Не дожидаясь развязки этого происшествия, я поспешил выбраться из окружавшей меня толпы и, дрожа от страха, бросился в наш балаган, где рассказал о случившемся.
Через час явилась полиция, чтобы произвести обыск в наших повозках. Она, конечно, ничего не нашла, потому что Филяс и Лабуйи не были ворами. Тем не менее их посадили в тюрьму. Никаким объяснениям Лаполада, пытавшегося убедить полицию, что это просто шутка двух глупых мальчишек, не поверили, а он не решился настаивать из боязни, что его самого притянут как сообщника или по меньшей мере как укрывателя. Полиция не очень-то любит странствующих комедиантов. Если в местности, где они кочуют, совершается какое-либо преступление, подозрение падает прежде всего на них. И полиция даже не требует доказательств их виновности; наоборот, это они должны доказать свою непричастность к делу.
Филяс и Лабуйи, пойманные на месте преступления, никак не могли доказать, что они лазили по чужим карманам не для воровства, а потому их приговорили к заключению в исправительном доме до совершеннолетия.
Было решено, что теперь, после того как труппа потерпела такой урон, я буду заменять их обоих. Когда Лаполад объявил мне об этом, я стал решительно возражать: я не умел и не желал складываться в три погибели и прятаться в ящик.
- Обойдемся без ящика, - ответил Лаполад и дернул меня за волосы, что означало у него ласку и поощрение. - Ты очень гибкий и будешь хорошим эквилибристом.
В своей новой роли я выступил впервые на ярмарке в Алансоне.
К сожалению, у меня было еще очень мало умения и опыта, и, хотя я делал самые легкие упражнения, со мной произошел несчастный случай, который помешал осуществлению задуманного нами побега.
Дело было в воскресенье.

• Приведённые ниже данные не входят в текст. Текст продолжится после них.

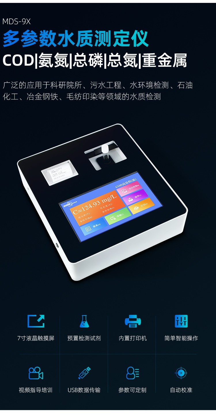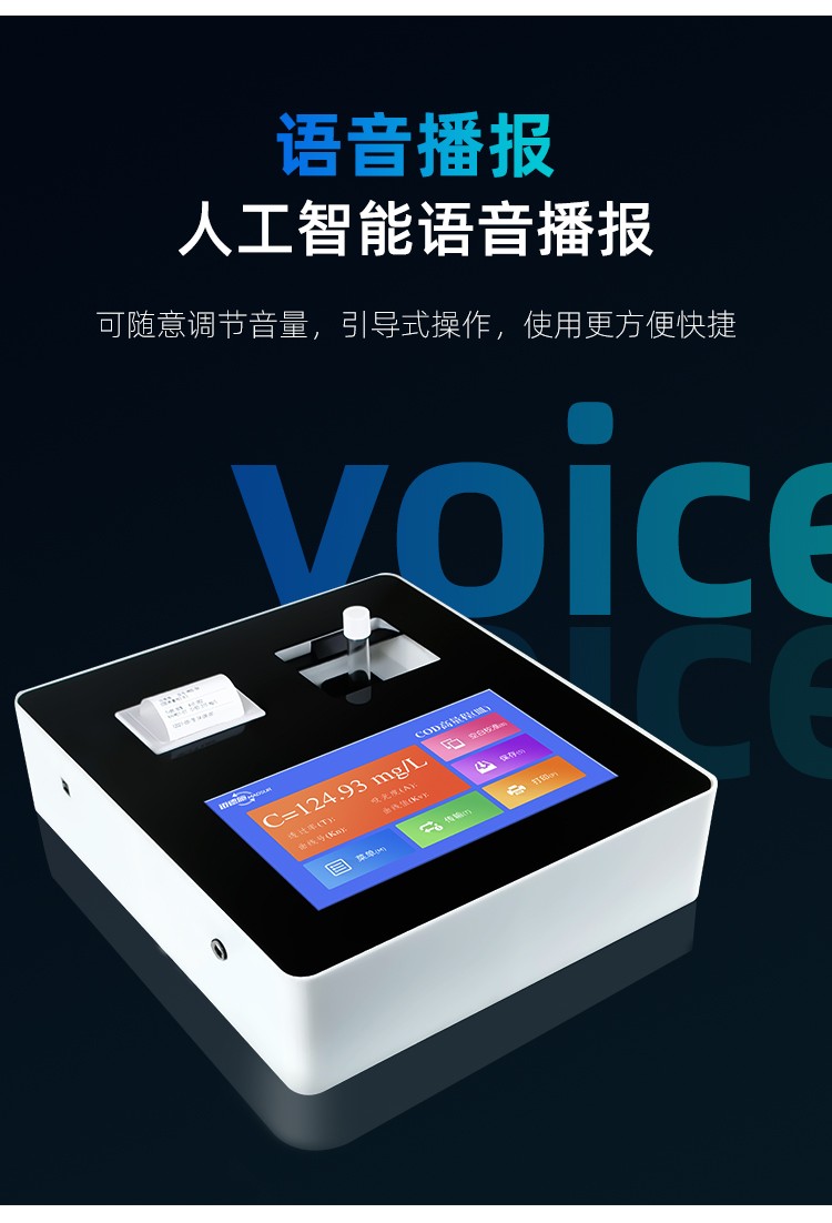 人工智能語音播報提示,可隨意調節音量, 使用更方便更 配備112種預先編程的曲線,曲線數量990條,可濃度直讀,測量結果更精密; 具有數據存儲功能,可存儲90萬組數據,並能自由查看; 10寸彩色液晶顯示觸摸屏,全中文操作模式,更便於操作掌握; 儀器自備校準功能,可根據標準樣品計算, 並存儲曲線,無需手動製作曲線; 配備USB接口傳輸功能,自帶打印機,可打印當前數據及存儲的曆史數據; 采用管比色、皿比色,雙比色係統

Мы начали представления в полдень и продолжали их без перерыва до самого вечера. Бедные музыканты так измучились, что еле играли на своих инструментах. Лаполад выкрикивал что-то непонятное, из горла у него вырывались хриплые звуки, скорее похожие на лай, чем на человеческую речь. Лев не хотел вставать и, когда Дьелетта грозила ему хлыстом, глядел на нее измученными глазами, моля о пощаде. А я просто умирал от усталости, голода, жажды и еле шевелил руками и ногами.
Было уже одиннадцать вечера, а народ все еще толпился возле нашего балагана, и Лаполад решил, что мы должны дать еще одно, последнее представление.
- Я считаю своим долгом угождать публике, - заявил он в своем кратком выступлении. - Мы падаем от усталости, но готовы умереть на месте, лишь бы вас позабавить! Входите! Входите!
Представление начиналось с моего выхода: сначала я должен был прыгать через четырех лошадей, а потом выполнять разные упражнения на конце шеста, который держал Кабриоль. Прыжки у меня не удавались, и публика осталась недовольна. Когда Кабриоль взял шест, мне хотелось крикнуть, что у меня больше нет сил, но грозный и выразительный взгляд Лаполада, самолюбие и возбужденное ожидание зрителей заставили меня решиться. Я вскочил на плечи Кабриоля и довольно легко взобрался на шест.